Enfin, certains enfants ne peuvent s’exposer au soleil car ils présentent une contre-indication du fait d’une dermatose photosensible. Toutefois, dans le xeroderma pigmentosum, il a été montré que la supplémentation orale en vitamine D était efficace pour compenser les effets de l’éviction solaire [132].

Par conséquent les recommandations de l’American Academy of Pediatrics s’appuient sur la compensation alimentaire en vitamine D pour prévenir et corriger les carences chez ces enfants à risque, et non sur l’exposition solaire [133].

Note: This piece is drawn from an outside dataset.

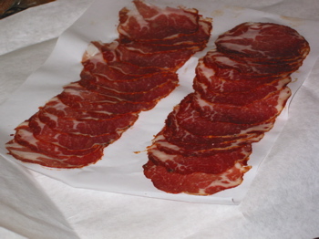 Now to address the main issue here, the pasta. The problem with pasta, as I see it, is the way it’s digested quickly, turning into sugar and getting inconveniently stored as blubber on my butt and thighs. I hate that, but I’ll be damned if I’ll give up pasta. Whole-grain pasta digests more slowly than the refined white flour kind, making it better for regulating blood sugar and fat metabolism. But I have to admit, whole-grain pastas used to really turn me off, tasting of the musty health food store. But I’ve been sampling a lot of them lately, and I’ve found really good ones with good texture and beautiful nutty flavor. Latini, maybe my all-time favorite pasta maker, turns out amazing farro and single-grain pasta that can be purchased through http://www.gustiamo.com, a great Italian food website. Martelli produces a wheat-germ pasta that I really love. As I write, it’s out of stock at Gustiamo, but I’m hoping they’ll get a new shipment in soon. Buonitalia.com carries Monterosso whole wheat pasta, a very good brand with good texture. Another excellent farro pasta, one with a pronounced wheat taste, is made by Giacomo Santoleri in Abruzzo. I buy it at Italian grocery stores in New York, but it’s also available through http://www.agferrari.com. (One whole wheat brand I’m not crazy about is Barilla, which always cooks up slightly crumbly.) These nutty, robust pastas taste best paired with a bold sauce like the capacolla-based one I’ve chosen here (they’re also excellent with anchovies, as you’ll discover in an upcoming Skinny Guinea post).

D’autre part, la fréquence de la carence en vitamine D et ses risques réels ou supposés devraient-ils faire modifier les conseils actuels sur l’exposition solaire et ses risques ?

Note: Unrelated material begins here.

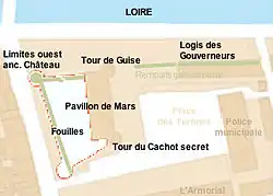Par exemple, au XVe siècle[25], la tour de Guise, qui subsiste encore de nos jours, voit son couronnement refait avec des mâchicoulis, ses niveaux complétés, en plus d'autres aménagements sur le logis. Une des poternes ouverte au nord est dotée en 1467 d'une échauguette[26]. C'est aussi à cette époque que Marie d'Anjou aurait ordonné la construction d'un bâtiment indépendant plus confortable, comportant trois étages, « L'ostel neuf du Roy », connu aujourd'hui comme le « Logis des Gouverneurs », qui emprunte également les fondations de l'enceinte gallo-romaine, en bord de Loire côté est, dans le périmètre de la basse-cour du château[27],[28].

Les recommandations actuelles de certains pays tels que la Grande-Bretagne ont pu être considérées comme trop limitatives et ont été accusées d’avoir un effet préjudiciable sur la santé en induisant ou en majorant une carence en vitamine D [131]. Le problème réside plutôt dans le fait que lorsqu’un message de prévention est trop général et non nuancé, il peut être pertinent pour certaines personnes et totalement inadapté pour d’autres, avec par conséquent le risque de ne pas être suivi. C’est pourquoi les recommandations les plus récentes insistent plus sur les dangers d’une exposition brève et intense sans remettre en cause les bienfaits d’une exposition solaire modérée et contrôlée. Ainsi, les recommandation australiennes et néo-zélandaises de 2005 sur les risques et bénéfices de l’exposition solaire insistent bien sur la nécessité de prendre en compte l’indice UV en n’appliquant une photoprotection stricte que lorsqu’il est égal à 3 ou plus, et sur le fait que certaines personnes ont un risque plus élevé de cancer de la peau et ont besoin d’une protection plus rigoureuse, alors que chez d’autres, le risque de carence en vitamine D est suffisamment important pour qu’elle soit recherchée et supplémentée si nécessaire [134, 135]. Ces conseils font donc largement appel à la responsabilité individuelle et incitent le public à faire la démarche de s’informer [136].

En conclusion, même si l’on pouvait définir la dose d’UV ayant le meilleur rapport bénéfice/risque entre la cancérogenèse et la synthèse de vitamine D, ce qui n’est pas le cas, il resterait nécessaire de tenir compte des particularités individuelles liées au mode de vie, au phototype, aux habitudes vestimentaires et alimentaires, au lieu de résidence, aux antécédents médicaux, etc. Il reste donc primordial pour le médecin, à côté des campagnes d’information, de toujours raisonner et agir à l’échelon individuel, en connaissant les situations à risque soit de cancer de la peau, soit de carence en vitamine D et en sachant les prévenir. En l’état actuel des connaissances, cette prévention s’effectue respectivement par la limitation de l’exposition solaire et par la supplémentation orale en vitamine D.